In addition, we assessed the activity of the AMP-activated kinase (AMPK) and the mechanistic target of rapamycin (mTOR) system in response to UDCA. The phosphorylation of p70 S6 kinase (S6K) at Thr389 was used as a proxy to assess the activity of mTOR complex 1 (mTORC1) and the phosphorylation of Akt kinase at Ser473 was used as a proxy to assess the activity of mTOR complex 2 (mTORC2). AMPK activity was judged by assessing an activating autophosphorylation site of AMPK (at Thr172). UDCA treatment did not influence the level of phosphorylation of S6K (Fig. 5A), Akt (Fig. 5B) and AMPK (Fig. 5C) suggesting that the activity of the AMPK/mTOR system is not influenced by UDCA treatment.
A–C A2780 cells were plated into 6 cm petri dishes (106/dish) and were treated with 300 nM UDCA or DMSO as vehicle control for 48 h. Cells were scraped, total protein was prepared and lysates were subjected to SDS-PAGE and Western blot. Blots were developed with the antibodies indicated and were evaluated by densitometry. All values are depicted as mean ± SD. Normality was assessed using the Shapiro-Wilk test. Densitometric values were compared using unpaired t-test. The following number of biological replicates were assessed: pS6K/S6K: 6, pAkt/Akt: 5, pAMPK/AMPK: 4. AMPK AMP-activated kinase, DMSO dimethyl sulfoxide, UDCA ursodeoxycholic acid, p70 S6K p70 S6 kinase.

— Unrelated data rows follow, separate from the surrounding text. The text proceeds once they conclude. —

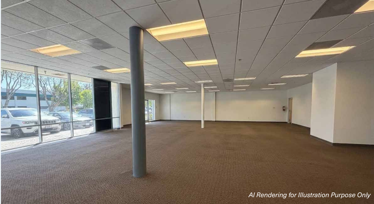
AI Rendering for Illustration Purpose Only
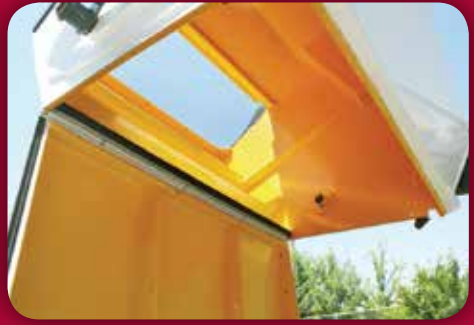
LIFELINER® HOPPER SYSTEM The LifeLiner system is a specially designed hopper liner and finish system that greatly improves the life, durability, and functionality of a sweeper hopper.
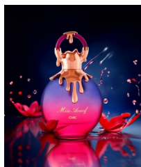
Miss Armaf CHIC By R350.00 Armaf EDP 100ml (Dubai Replica Ladies)
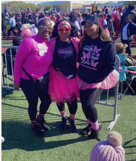
Breast Cancer Walk
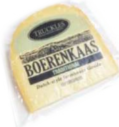
BOERENKAAS TRADITIONAL 1 x +/-200g TRUC54
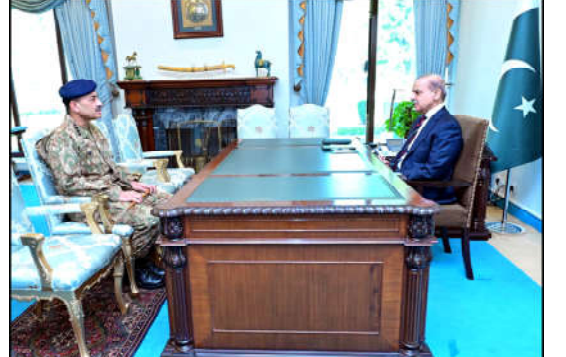
ISLAMABAD: Chief of Army Staff General Syed Asim Munir NI (M) calls on Prime Minister Muhammad Shehbaz Sharif.

He urged: "Let us reaffirm our commitment to promoting cultural harmony and understanding among all communities across the country, says a new release issued here.
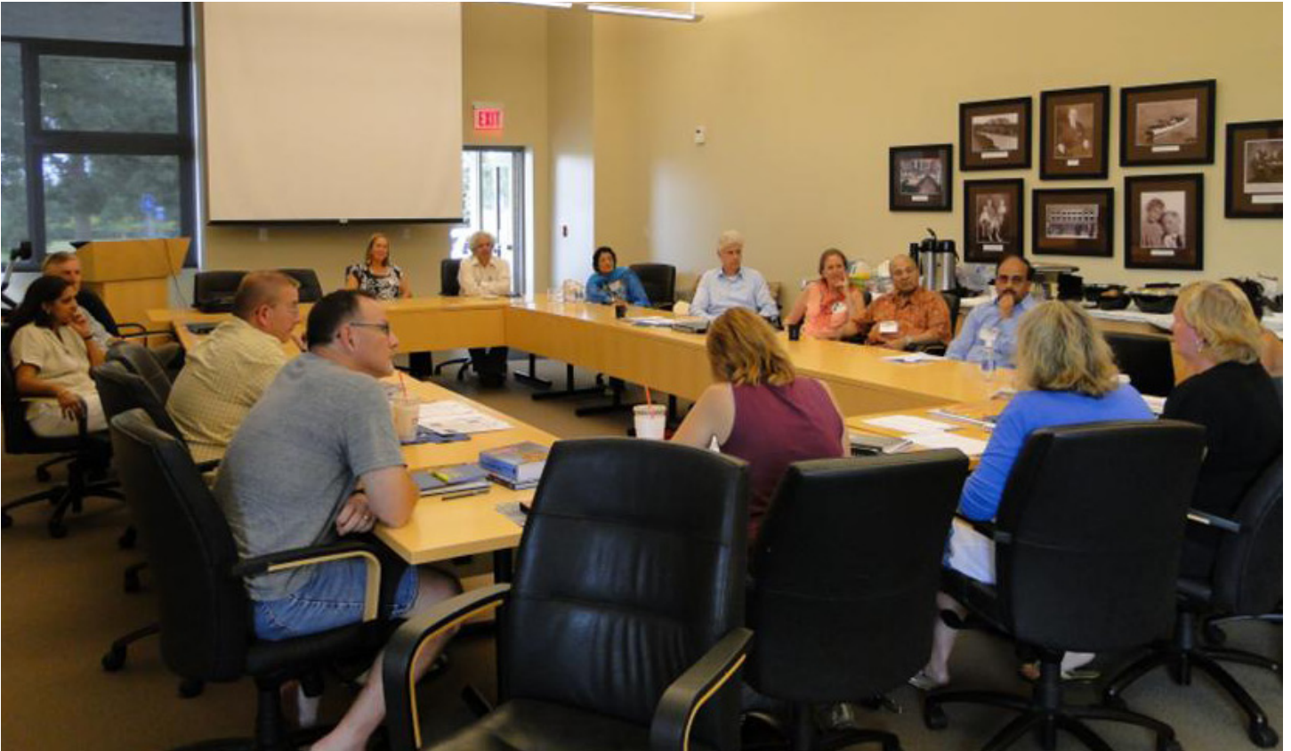
Teachers involved in various discussions as part of their training program.

On the final day of the training program, the teachers were taken to a Hindu temple for a first-hand cultural experience and an extended discussion on Dharmic practices. This field trip was very well received, and provided an excellent chance to interact with practitioners on their own turf and a greater opportunity to understand the meaning of concepts and practices such as puja, sadhana, and mantra.
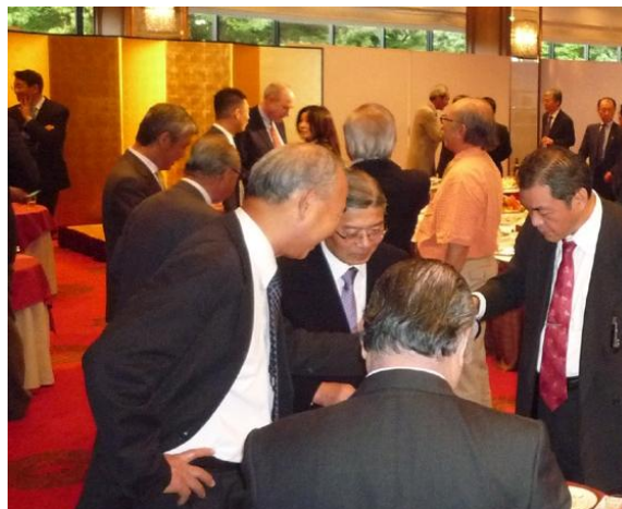
Japanese Natto industry officials discuss U.S. natto production at annual conference

ASA-IM Japan continues to support and reinforce U.S. farmers' commitment to the Japanese soyfood complex customers. Japan is the largest single market for non-GMO identity preserved U.S. food grade soybeans.
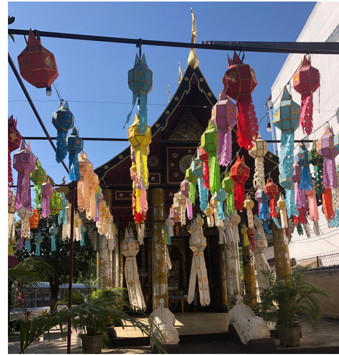
Small neighborhood temple near the job.

The induction of ursodeoxycholic acid-dependent genes associate with worse clinical outcome
In the study we identified a set of genes that were induced by UDCA either that level of mRNA/protein expression or at the level of activity (TCF7L2, CTNNB1, SNAI1 and NFE2L2). We assessed the composite effect of the 4 gene signature on patient survival using the GEPIA2 database. The tumoral overexpression of the 4 gene signature correlated with markedly worse survival with a hazard ratio of 1.3 (Fig. 6).
The GEPIA2 database was assessed for correlation between patient survival and composite expression of the indicated gene set. All databases were accessed on the 23 August 2024. CTNNB1 β-catenin, HR hazard ratio, NFE2L2 nuclear factor erythroid 2-related factor 2, TCF7L2 transcription factor 7-like 2.
Discussion
In this study we showed that UDCA, when administered in concentrations corresponding to the human serum reference concentration, promotes cancer progression. In previous studies on a plethora of different neoplasias UDCA exerted beneficial, antineoplastic effects (reviewed in [12]) by inducing apoptosis or supporting chemosensitization [57,58,59]. In this regard, our observations are novel and surprising.

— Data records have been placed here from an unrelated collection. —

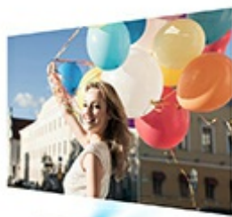
Conventional projectors offer low-quality images
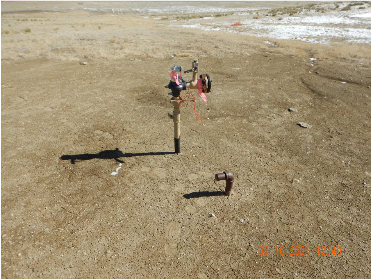
Photo 5. Photo taken from the southern tank battery, facing East. Photo illustrates risers from a previous meter house.
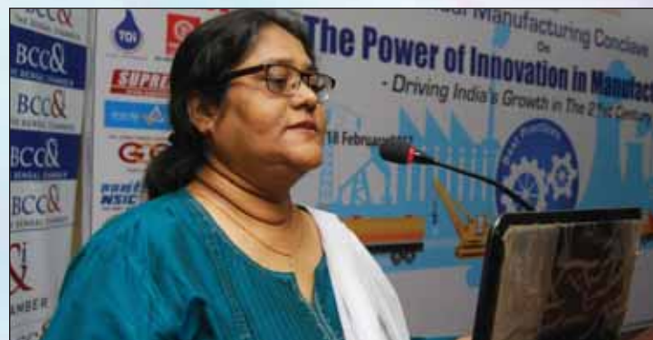
An Applicant under the Service Category making his presentation
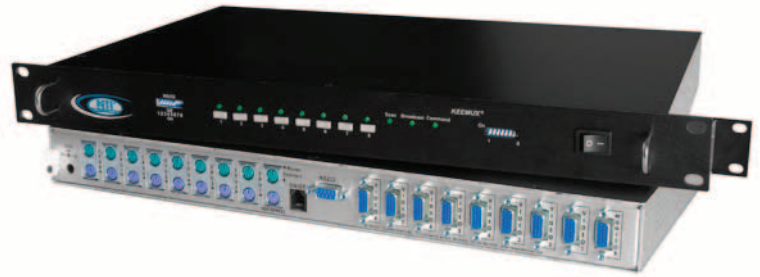
KEEMUX-P8-R-RS (Front & Back)

The KEEMUX® PS/2 KVM switch allows one keyboard, monitor and mouse to control multiple PCs (up to 128 computers). Dedicated internal microprocessors emulate keyboard and mouse presence to each attached PC 100% of the time so all computers boot error free.
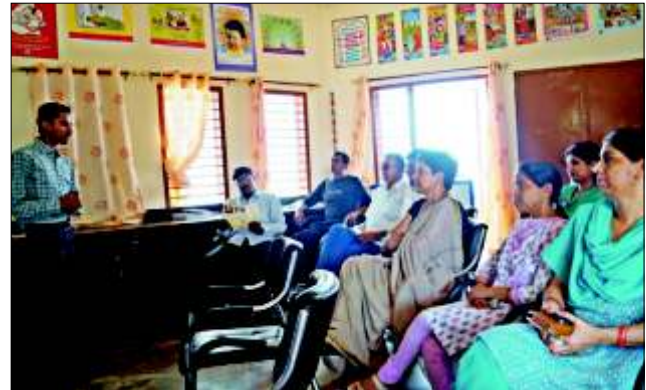
Training the RIC professionals...

The RIC has details of all govt. schemes, employment & career related information, various facilities and
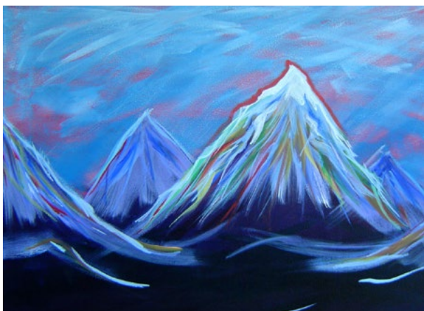
Mountain of God – 22” x 16” Acrylic on Canvas

Psalm 48:1-5- Great is the LORD and greatly to be praised in the city of our God! His holy mountain, beautiful in elevation, is the joy of all the earth, Mount Zion, in the far north, the city of the great King. Within her citadels God has shown himself a sure defense. For lo, the kings assembled, they came on together. As soon as they saw it, they were astounded, they were in panic, and they took to flight.

UDCA exerted multi-pronged effects by impacting on EMT, cell adhesion, diapedesis, glycolytic dominance and oxidative stress. We observed the complex effects of bile acids in cell models of other neoplasia [21, 31] similar to previous studies on ovarian cancer [57,58,59]. The only contradiction among this study and previous observations is the lack of cytotoxicity or cytostasis in our data contrasted to prior art [58, 59], however, this is likely a concentration-dependent difference. Bile acids in high concentration can prove toxic, as bile acids can harm biomembranes, however, in submicromolar concentrations this is not likely (e.g. [21]).

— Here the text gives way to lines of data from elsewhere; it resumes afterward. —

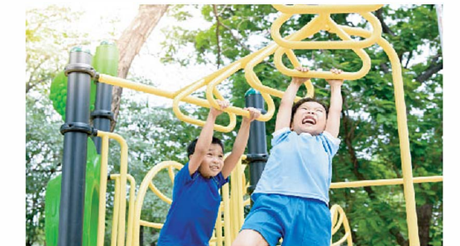
Enjoy the playground at Lavatera

The cluster gate and beautiful floral plaza at the entry welcome you to Vibrant Avenue, surrounded by green connectivity and gathering spaces. Lavatera Community Plaza across Vibrant Avenue provides a perfect spot for a chat or tea with family and friends.
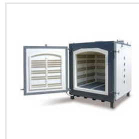
Industrial Heating Furnaces
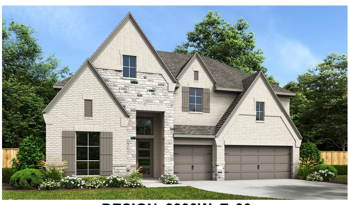
DESIGN 3393W E-30
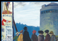
Communicating with Prisoners, Jack B. Yeats
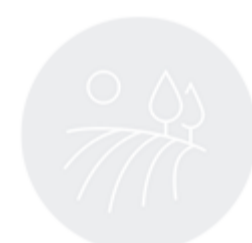
CLIMATE RESILIENCE SUPPORT
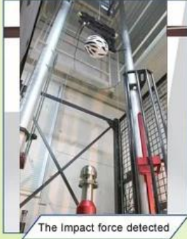
The Impact force detected
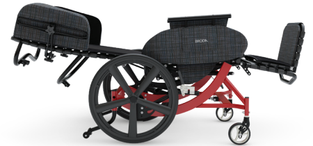
Tilt and recline functionality provide pressure offloading.

Serum primary and secondary bile acid levels, including glycoursodeoxycholic acid, decrease in ovarian cancer patients [26, 27]. Furthermore, bile acid biosynthesis [60,61,62], similar to other metabolites [63,64,65], decreases with age and age is a risk factor for ovarian cancer. These observations make internal ursodeoxycholic overproduction in patients unlikely, however, UDCA supplementation as medication may increase the risk of progression in patients with ovarian cancer.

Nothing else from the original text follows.